COMENZAMOS A JUGAR CON MONEDA ALTERNATIVA

En julio de 2014, los colectivos de la RCA comenzamos a jugar con las “canicas” (nombre provisional de la nueva moneda alternativa).

Antes de esta fase experimental, a la que seguirá la puesta en marcha definitiva de la moneda alternativa, hemos estudiado durante siete meses el funcionamiento de otras monedas; hemos convocado jornadas formativas y organizado encuentros con colectivos y Comunidades de Intercambio afines.

Finalmente, La RCA aprobó el pasado 26 de abril una ponencia colectiva, redactada por 15 personas de 9 colectivos asociados a la Red, que recogía lo aprendido en estos meses de lecturas, documentales, conferencias y debates.

Esta ponencia, que estamos editando y difundiremos pronto, es un manual de instrucciones con el que construir una Comunidad de Intercambio formada por individuos y colectivos que compartan la pretensión de construir un espacio social y económico común en base a elementos y prácticas muy distintas a las del mercado convencional y, desde luego, lo más independiente posible de un sistema monetario que nos mantiene en un circuito que no podemos controlar. Esto, en cualquier caso, no significa que esta comunidad de intercambio quiera vivir de espaldas al mundo, sino todo lo contrario. La construcción de este espacio común es un proceso que ya ha empezado desde mil sitios, que está vinculado a incontables luchas, y que ha cobrado una fuerza sorprendente los últimos tres años, en los que hemos asistido a una constante proliferación de cooperativas e iniciativas autogestionarias. En este proceso prometedor y general, las comunidades de intercambio y monedas sociales se proponen como herramientas para hacer general e irreversible el actual proceso político autogestionario, al permitir a todo el mundo, progresivamente, situarse en un marco de producción y consumo ajeno a los vaivenes del mercado laboral y financiero.
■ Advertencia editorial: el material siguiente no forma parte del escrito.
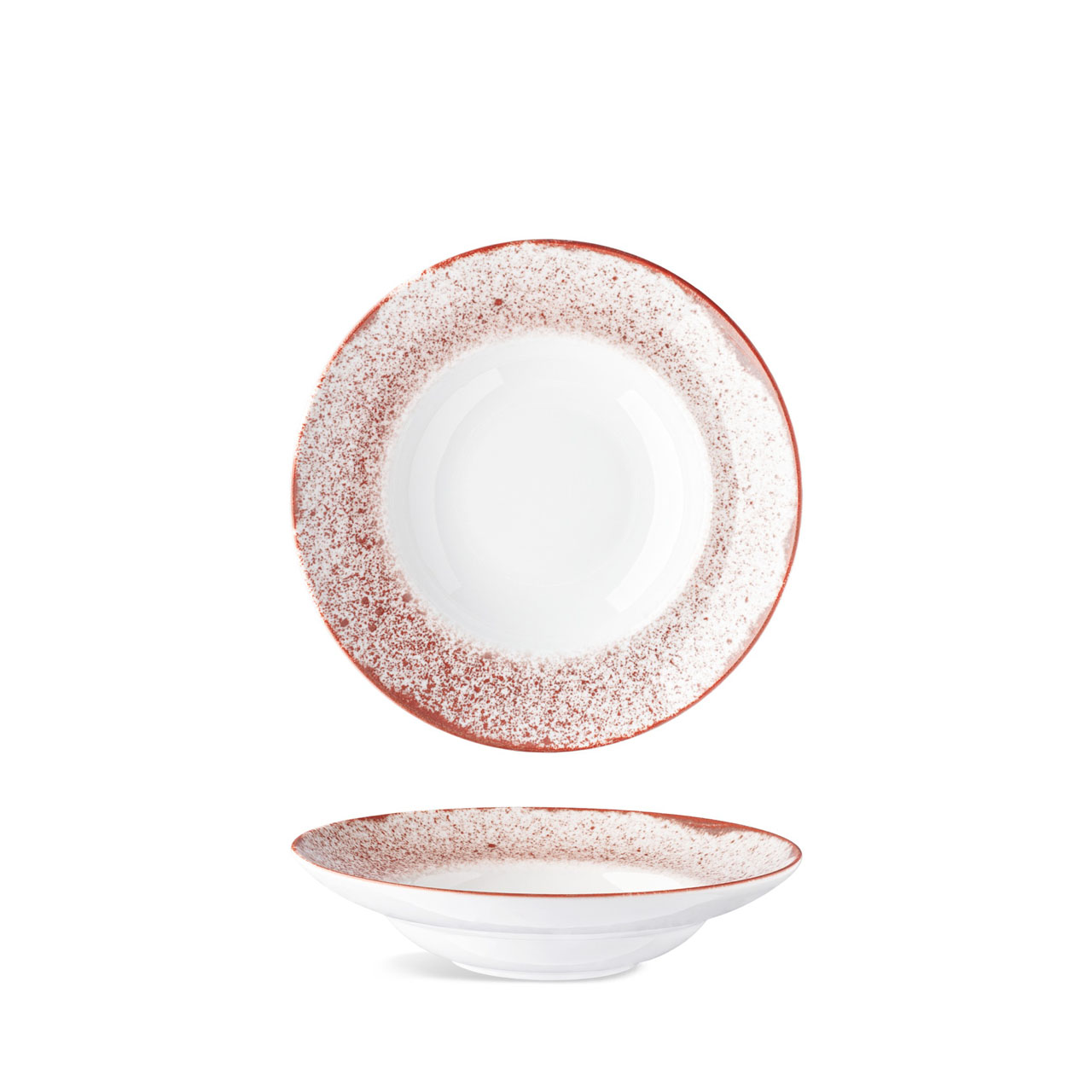 Pastateller mit 26 cm Durchmesser, weiß mit buntem Banner.
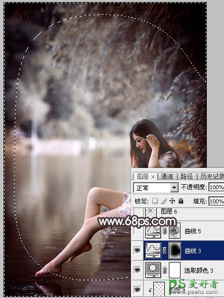 PS美女图片调色:给湖边自拍的玉腿美足清纯少女写真照调出梦幻色
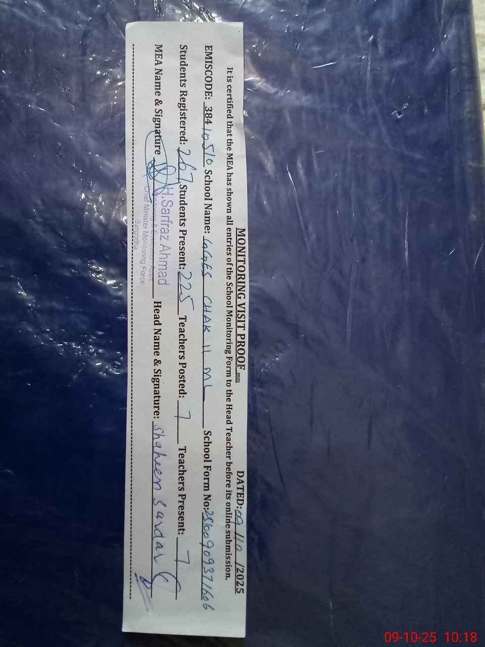 | Monitoring Date: 09-10-2025 | Start Time: 09-10-2025 09:35 AM | End Time: 09-10-2025 10:19 AM | Name of MEA: HA**** SA**** AH**** | |
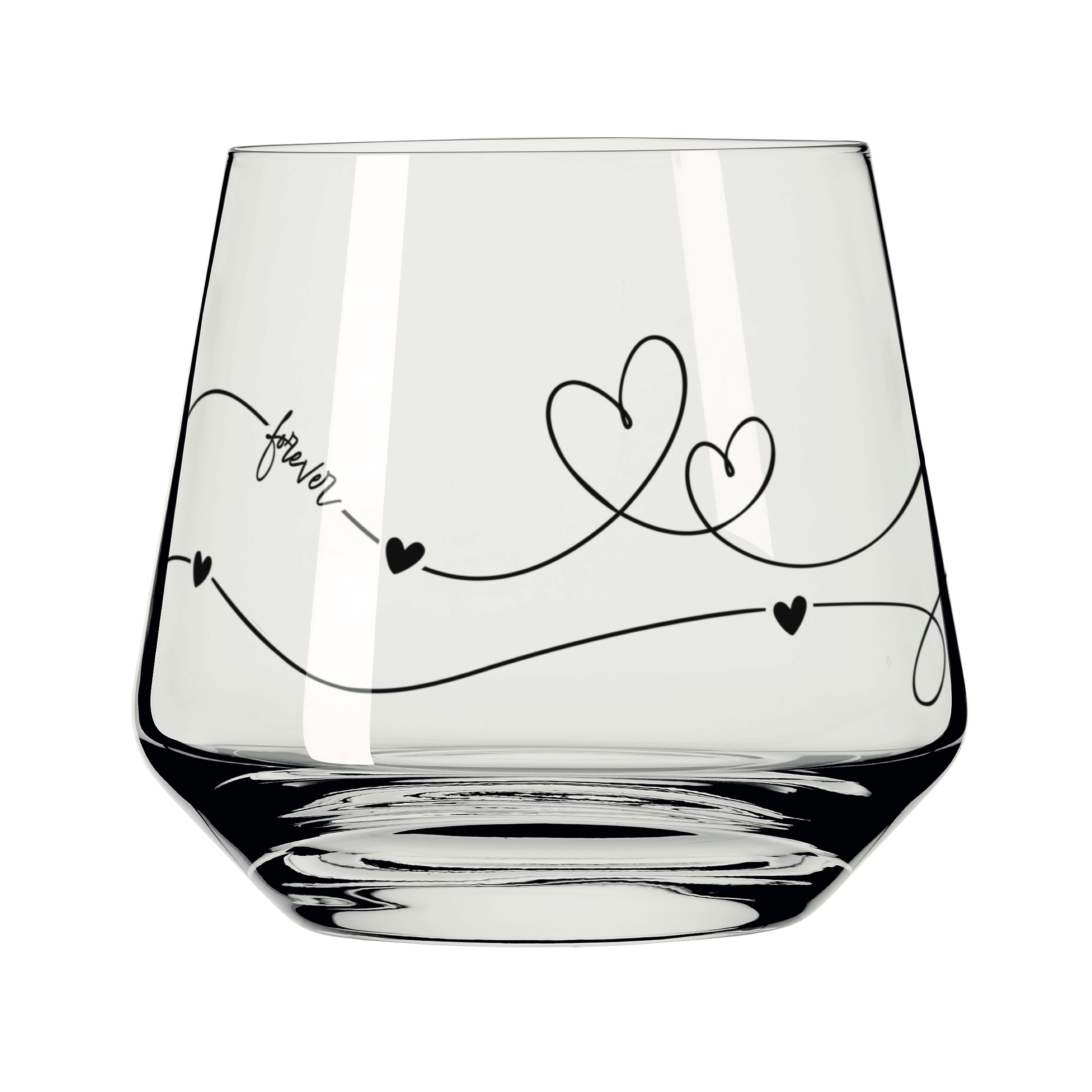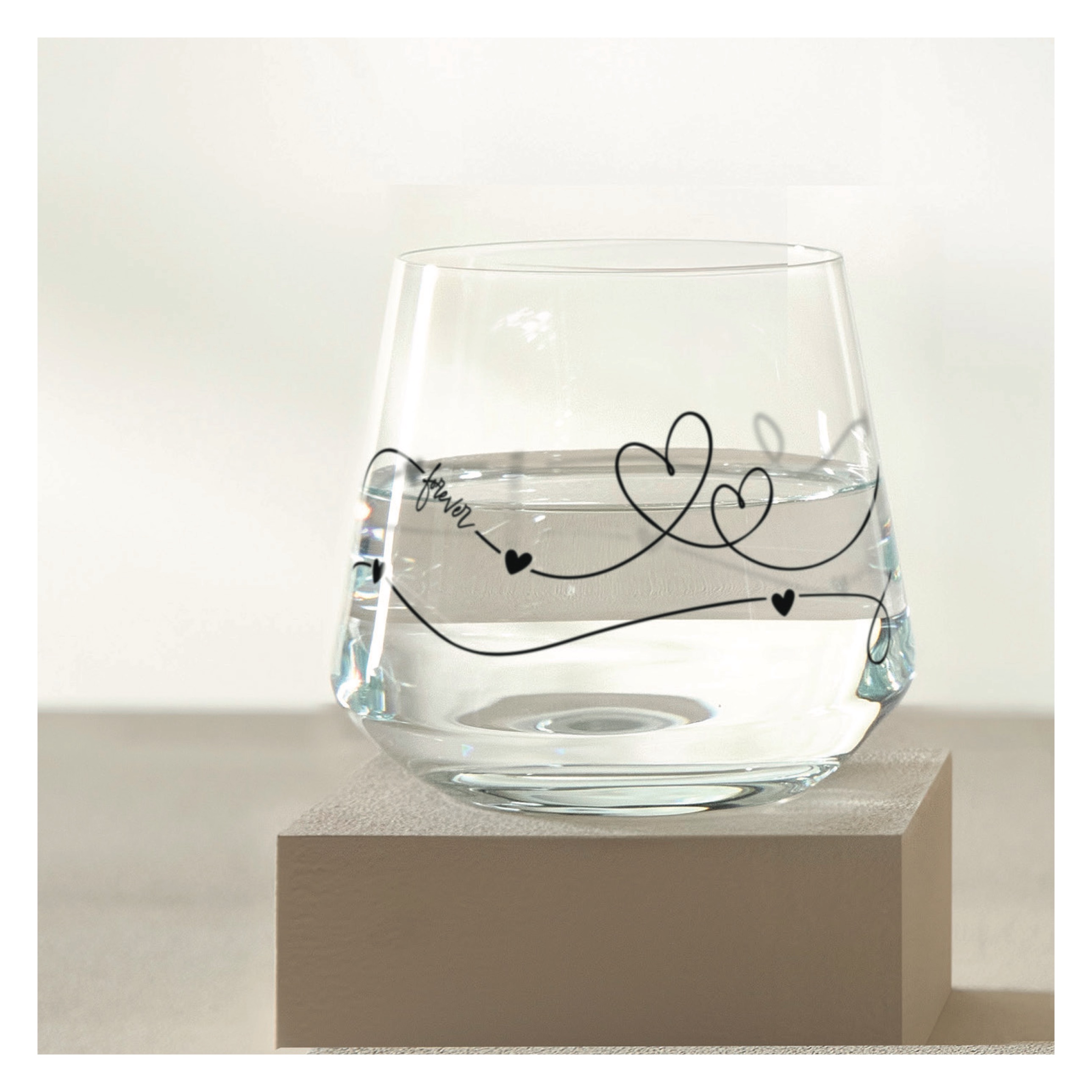 Zarte Linien, kleine Herzen und das Wort „forever“ umspielen dieses elegante Glas und machen es zu einer liebevollen Botschaft. Das filigrane Dekor steht für Verbundenheit und zeitlose Romantik – perfekt für besondere Momente, zum Verschenken oder zum täglichen Genießen.
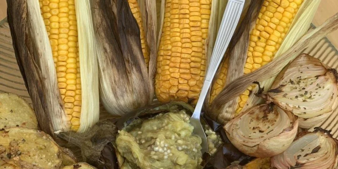 Choclo al horno con chala y verduras horneadas
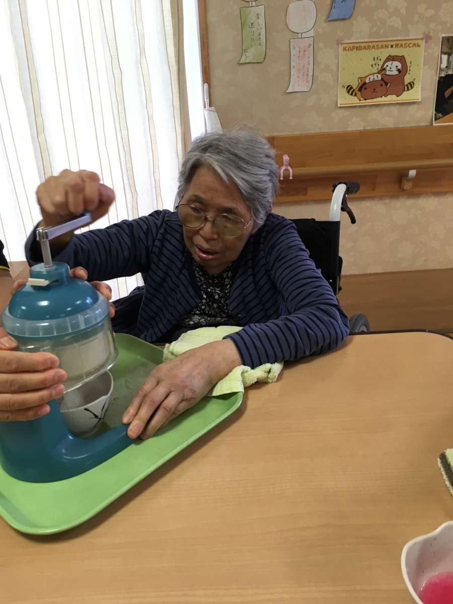 みんなで交代しながらかき氷機を一生懸命周し、イチゴのシロップをかけて美味しく頂きました。
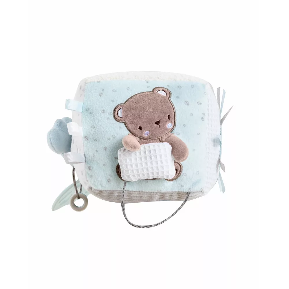 Kikkaboo készségfejlesztõ játékkocka Bear With Me• Színes plüss kocka különféle tevékenységekhez• Különbözõ szerkezetekkel, hurkokkal, kötelekkel, tükörrel és bolyhos felületekkel serkenti a baba érzékszerveit és kíváncsiságát;• Játékos medvearc 3D ráncos papírfülekkel;• Függesztett rágóka dombornyomott részletekkel;• Biztonságos, kiváló minõségû anyagokból készült;• EN 71 szabvány szerint jóváhagyva;• újszülött kortól ajánlott;• 100% poliészter;• Mérete: 16x16x16 cm. Méretek:- Termék: 16x16x16 cm / 0,1 kg
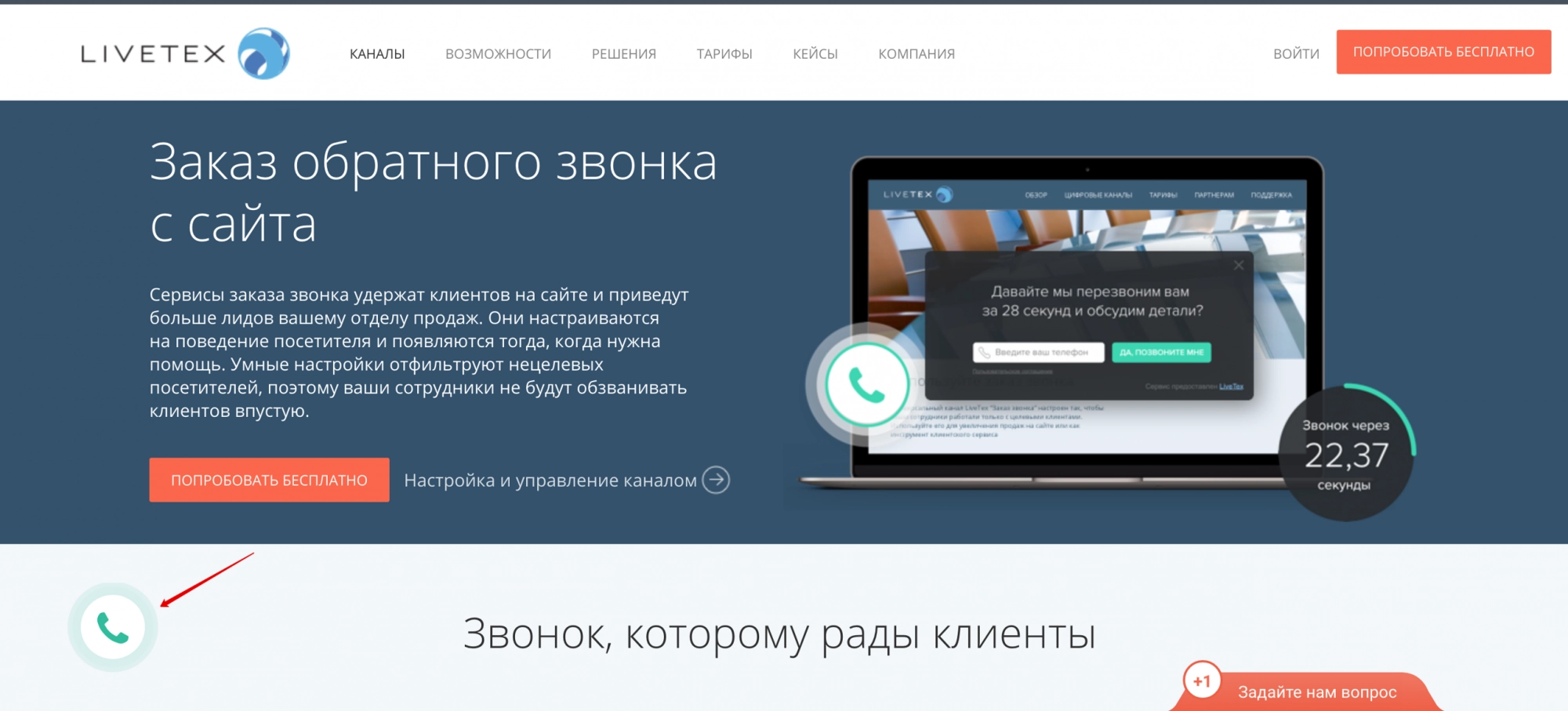 Заказ обратного звонка при помощи онлайн-консультанта LiveTex
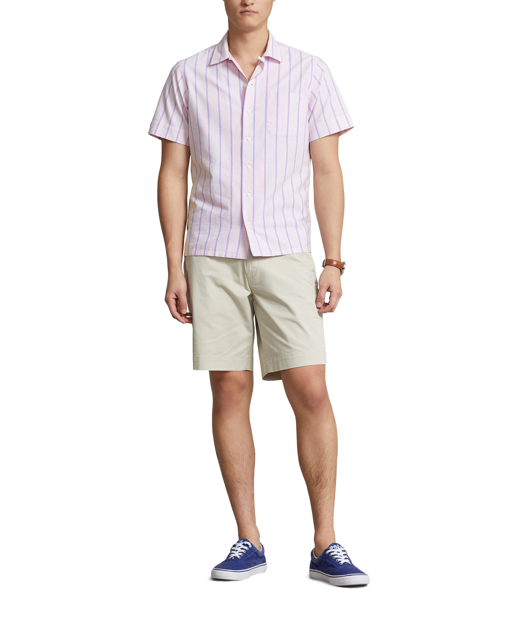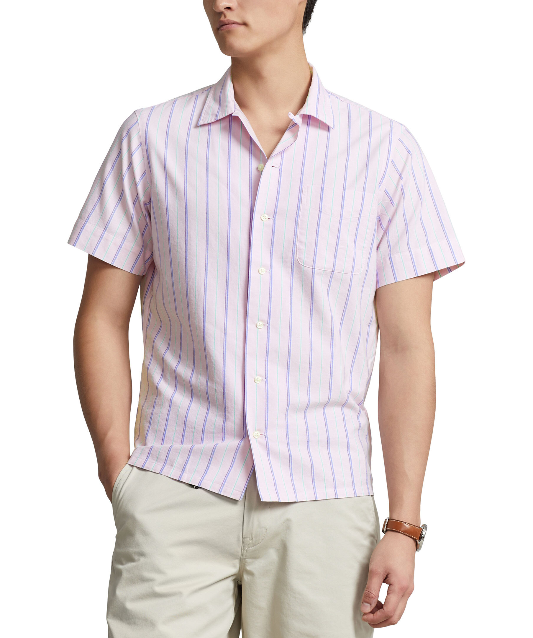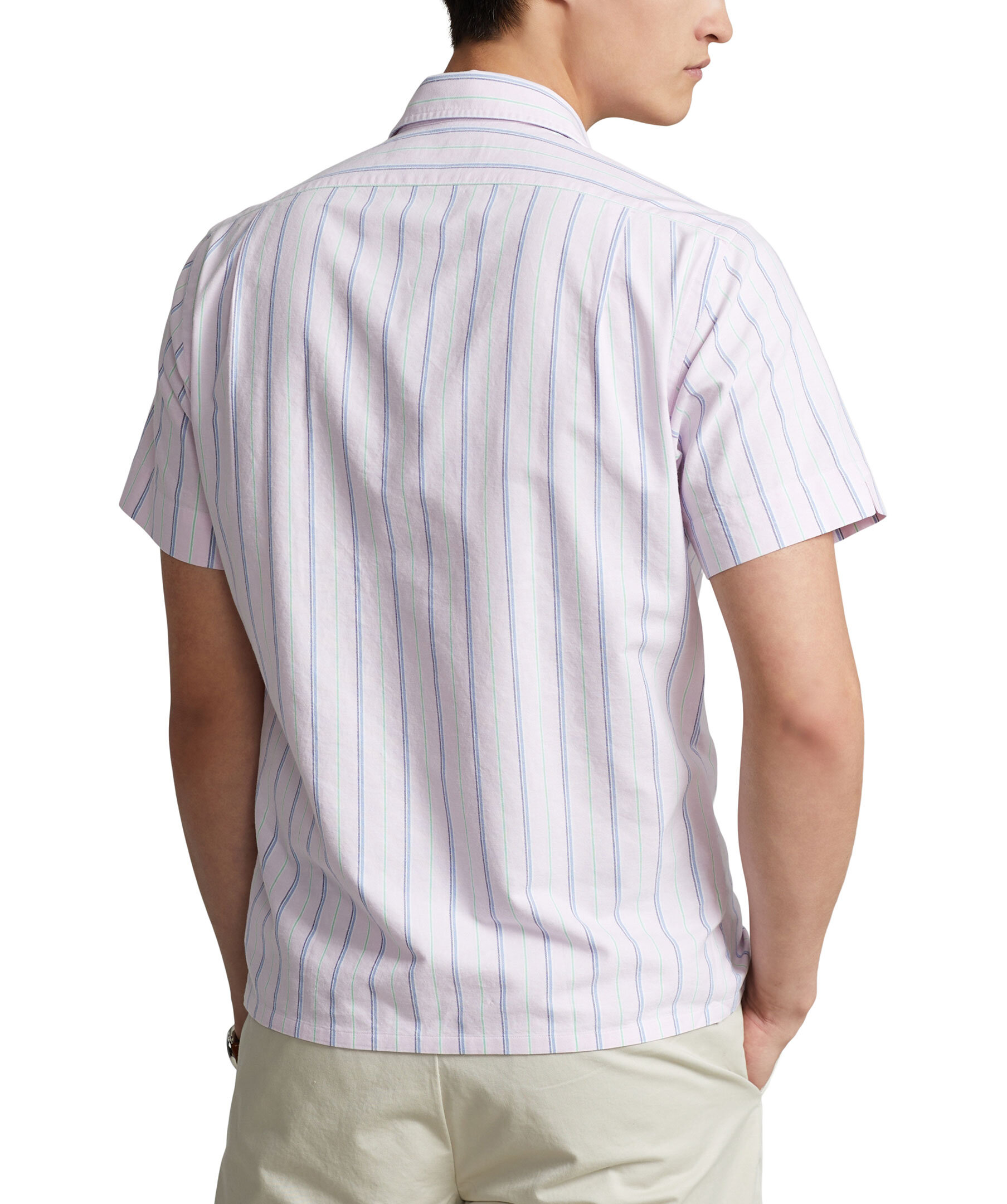 Rosa kortärmad Oxford skjorta från Polo Ralph Lauren. Skjortan är gjord i ett lättvikts bomullstyg i en klassisk passform. Randigt mönster i blått och grönt. Modellen har på sig storlek M och är 185cm.

La Canica se propone como una moneda a ser usada por los colectivos e individuos participantes en este gran proceso autogestionario, y que consideramos que pueden definirse con respecto a las siguientes prácticas y líneas
concretas
:

  • No tienen ánimo de lucro, es decir, están ajustadas a las prácticas cotidianas de la vida. Al vivir bien y no al enriquecimiento.

  • En el caso de formar colectivos, sus únicos órganos de decisión son las asambleas.

  • No explotan a trabajadoras, es decir, se entiende que cualquier persona que trabaje en el proyecto es dueña del producto de su trabajo y participa en la decisión de lo que hacer con él, con independencia del tiempo que lleve o vaya a estar en el proyecto.

  • No pertenecen a estamentos represivos estatales ni privados.

  • Como sus proyectos tienen el objetivo de inscribirse en un marco que no depende de empresas ni institutuciones, no dependen de subvenciones, estatales ni privadas.

El fin último de nuestra Comunidad es la propiedad colectiva de los medios de producción y los productos del trabajo, con independencia del nombre que se le quiera dar al modelo económico en cuestión (comunismo libertario, economía social, etc.) y una transformación política acorde con la autogestión generalizada de la sociedad.

Ojo, no somos utópicos. Utópico a estas alturas de la historia es quien todavía no es consciente de que el capitalismo nos está llevando cada vez más rápido a ningún lugar (u-topos), a la zona cero social y ecológica.

La Comunidad de Intercambio promovida por la RCA, en fase de juego, es un paso más hacia la revolución necesaria, a través de la producción, intercambio y consumo organizados de bienes y servicios básicos para  la vida. Pan, libros, hortalizas, reparaciones de fontanería, reformas de construcción, educación libre… Estos y otros muchos serán los productos y servicios que seremos capaces de intercambiar con “canicas”. Sin intereses ni autoridades monetarias centrales que regulen la emisión. Una moneda no acumulable, suficiente (ni abundante ni escasa), desmercantilizada. Una simple unidad de medida, como el metro o el kilo.